Tuesday, March 13, 2012

BRICs, Part II: Brazil

From the CIA World Fact Book:
Characterized by large and well-developed agricultural, mining, manufacturing, and service sectors, Brazil's economy outweighs that of all other South American countries, and Brazil is expanding its presence in world markets. Since 2003, Brazil has steadily improved its macroeconomic stability, building up foreign reserves, and reducing its debt profile by shifting its debt burden toward real denominated and domestically held instruments. In 2008, Brazil became a net external creditor and two ratings agencies awarded investment grade status to its debt. After record growth in 2007 and 2008, the onset of the global financial crisis hit Brazil in September 2008. Brazil experienced two quarters of recession, as global demand for Brazil's commodity-based exports dwindled and external credit dried up. However, Brazil was one of the first emerging markets to begin a recovery. In 2010 consumer and investor confidence revived and GDP growth reached 7.5%, the highest growth rate in the past 25 years. Brazil has since then experienced an economic slowdown, driven primarily by a faltering industrial sector and Brazil's fast-rising currency. Brazil's high interest rates make it an attractive destination for foreign investors. Large capital inflows over the past several years have contributed to the rapid appreciation of its currency and led the government to raise taxes on some foreign investments. President Dilma ROUSSEFF has pledged to retain the previous administration's commitment to inflation targeting by the central bank, a floating exchange rate, and fiscal restraint.

Here's how their economy breaks down:

agriculture: 20%
industry: 14%
services: 66% (2003 est.)

According to the same source, Brazil is the 24th largest exporter and the ninth largest oil exporter.  Their primary agricultural products are: coffee, soybeans, wheat, rice, corn, sugarcane, cocoa, citrus; beef.


The Brazilian economy was stagnant at the end of the 1990s and early 2000s.  However, starting in 2004, we see the country grow at incredibly strong rates, with the recession of 2010 being the only thing holding back the growth.  

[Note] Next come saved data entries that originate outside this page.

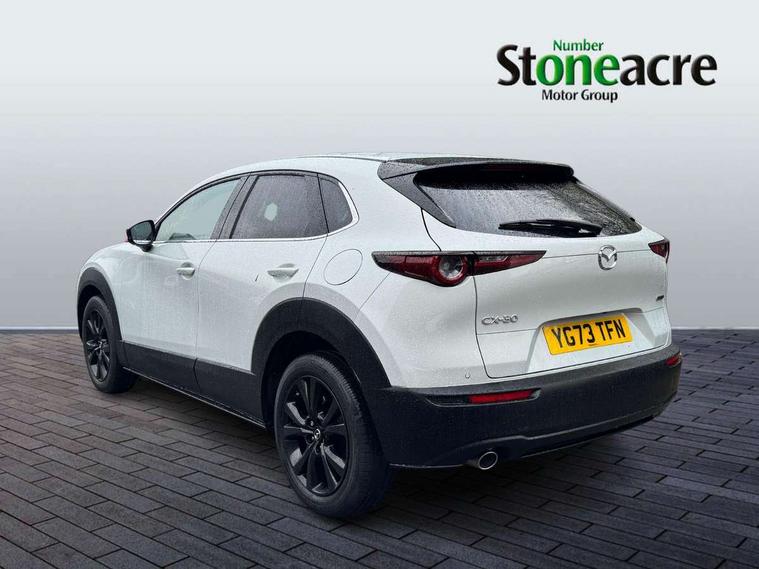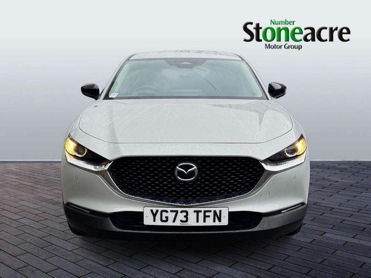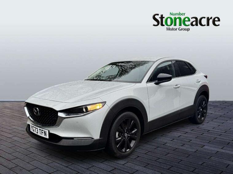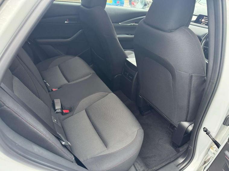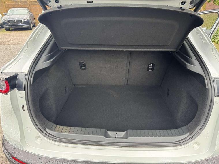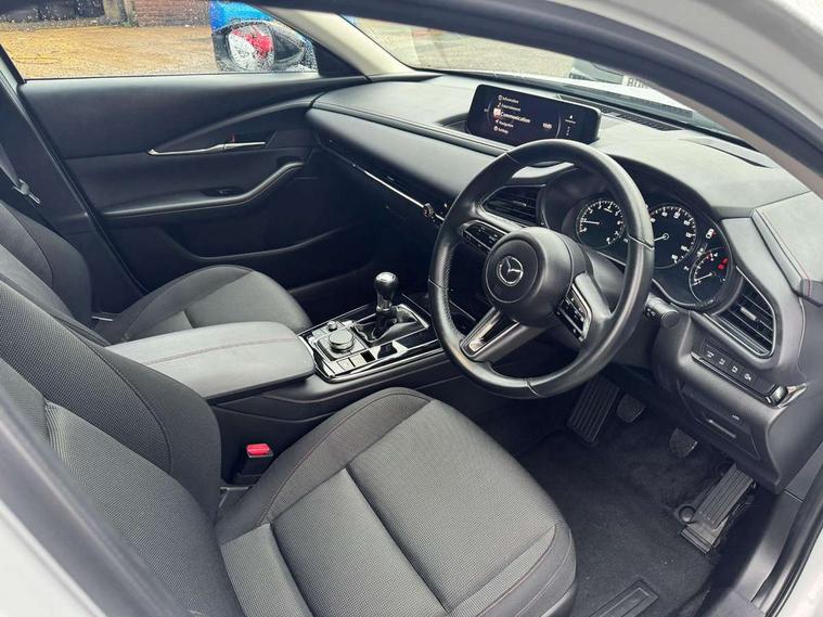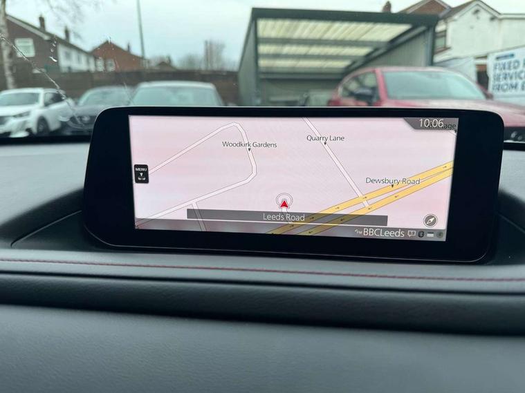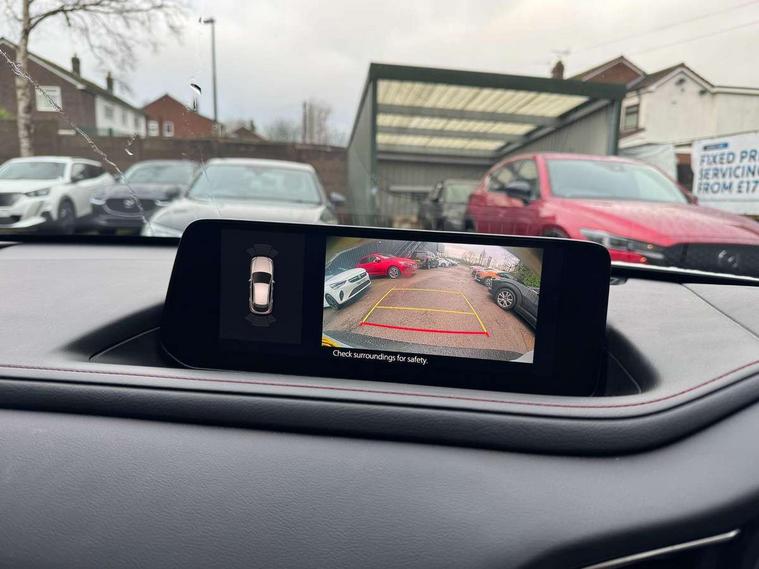 10.25" display with Mazda Connect infotainment, 7" TFT Colour driver instrument panel display, Adaptive cruise control (Mazda radar cruise control), Blind spot monitoring with rear cross traffic alert, Driver attention alert system, E-call with GPS, Emergency stop signalling system, Engine start/stop button, Front and rear parking sensors, Integrated bluetooth, Integrated Mazda navigation system, Intelligent speed assist, Lane keep assist system (LAS) with Lane departure warning system (LDWS), Mazda connected services, PAS, Power lift gate, Qi wireless charging, Reversing camera, Service indicator, Tailgate, Traffic sign recognition, Trip computer, Windscreen projected colour active driving display (HUD), Wireless Apple CarPlay/Android Auto, Cylinder Deactivation, i-stop, 2 USB charging ports in front inner central armrest, AM / FM / DAB radio with 8 speakers, Multimedia Commander including separate volume dial, Steering wheel mounted audio/bluetooth controls, Auto dimming rear view mirror, Auto headlight levelling, B-pillar and C-pillar garnishes in piano black finish, Black electrically adjustable, heated auto power folding door mirrors with integrated indicators, Chrome finish signature wing in front grille, Coming/leaving home lighting function, Dual chrome exhaust, Dusk sensing headlights, Electric front/rear windows with one touch auto up/down, Front kodo turn signal, Gloss black front grille, Gloss black rear roof spoiler, LED headlights with halogen daytime running lights and high beam control, LED rear combination lights, Privacy glass (rear side windows and rear screen), Rain sensing front wipers with adjustable speed and intermittent wipe, Rear fog lights, Rear side wing doors, Rear wiper, Third brake light, 12V power outlet in centre console, 3 seat bench in 2nd row, 60/40 split fold down rear seats, Chrome interior trim accents with steering wheel centre bezel, surround of engine start / stop button and glove box handle, Cloth upholstery with red stitching and interior accents, Dark cloth door panel inserts, Dashboard, door cards and front centre armrest in black cloth with red stitching, Driver and front passenger visors with covered vanity mirror and driver ticket holder, Driver seat manual slide, recline, height and seat tilt adjust, Driver, front passenger and two rear door storage, Driver, Front passenger and two rear grab handles with coathooks, Dual zone climate control air conditioning with rear air vents, Folding rear centre armrest with two cup holders, Front and rear (x3) head restraints, Front and rear LED lighting, Front armrest, Front centre storage with two cupholders, Front passenger seatback pockets, Front passengers seat manual slide, recline and height adjustment, Gear shift indicator, Glovebox illumination, Heated front seats with 3 stage setting, ISOFIX child seat anchorage points attached on outer rear seats, Leather wrapped gear shift knob, Leather wrapped steering wheel with telescopic and tilt adjustment, LED luggage compartment lighting, Light roof headlining and pillars, Roof mounted sunglasses holder, Single front passenger seat, 3 point ELR front seat belts x2 with pretensioners, 3 point ELR rear seat belts, Anti-lock braking system (ABS), Drivers knee airbag, DSC - Dynamic Stability Control, Electronic parking brake with auto disengage function and auto hold function, Front and rear curtain airbags, Front dual stage driver and single stage front passenger airbags, Front passenger airbag cut-off switch, Front side airbags, Front smart city brake support, G-Vectoring control plus, Hill launch assist, Manual child lock in rear doors, Mild Hybrid system with regenerative braking, Seatbelt reminder for driver/front passenger and rear seats, Traction control system (TCS), Tyre pressure monitoring system (TPMS), Remote central locking with deadlocking and automatic door lock when driving, Smart keyless entry, Thatcham accredited alarm and immobiliser, 18" Black metallic alloy wheels, Emergency tyre repair kit,
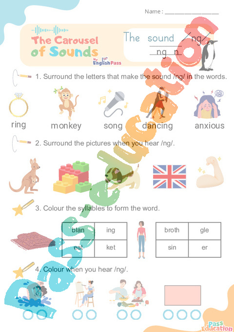 Carousel of Sounds – CP CE1 CE2 CM1 CM2 – Vidéo interactive + Fiche sur le son : /ng/ ng n.
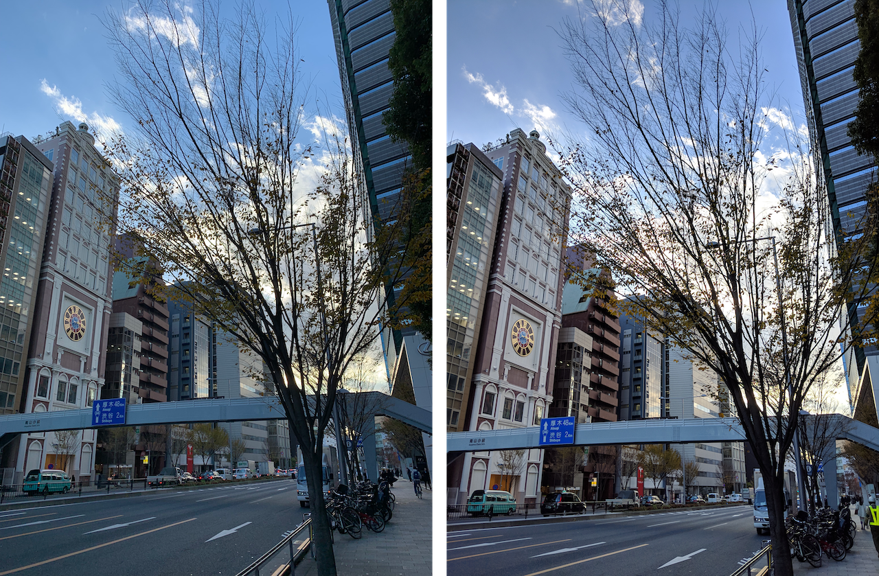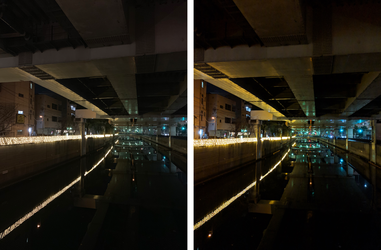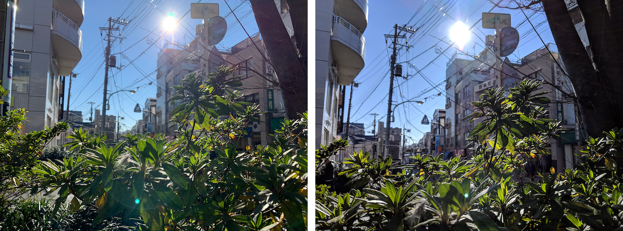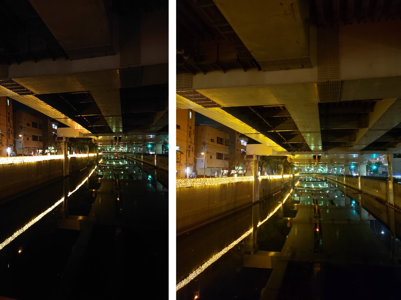 ▲iPhone XS(左)、Pixel 3(右 ※夜景モードは非使用)
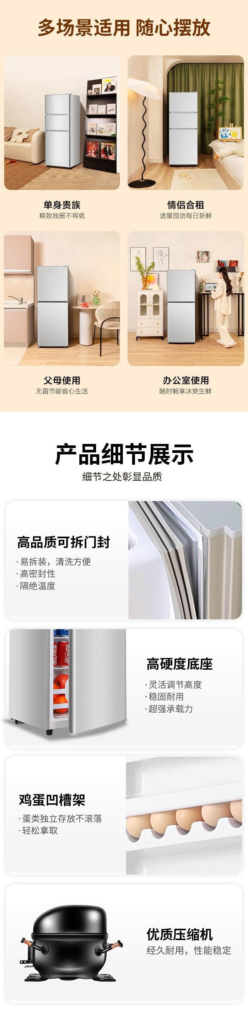 냉장고 양문형 대용량 에너지 절약형 3도어 가정용 기숙사 임대실 소형 냉장고스토어 가기
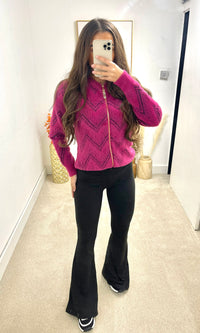 LAURA | Zip Fur Zig Zag Print Cardigan - Hot Pink Sale

While the economy came out of the recession printing very strong growth, notice that the rate of growth has been steadily decreasing for the last two years.  


Brazilian industrial production's YOY increase is now negative, indicating a clearly slowing economy.


Brazil's retail sales numbers are actually pretty good, indicating the Brazilian consumer is alive and well.




The above charts are obviously inter-related.  Brazilian inflation peaked at a little under 7.5% late last year, but has been coming down since then.  As a result, Brazil has been able to lower their benchmark interest rate -- which is very high by world standards.


Over the last few years, the unemployment rate has been dropping.

The inflation/interest rate charts are very important, because they show the big problem Brazil is facing right now: rising inflation has kept rates high which is having an obviously negative impact on the economy.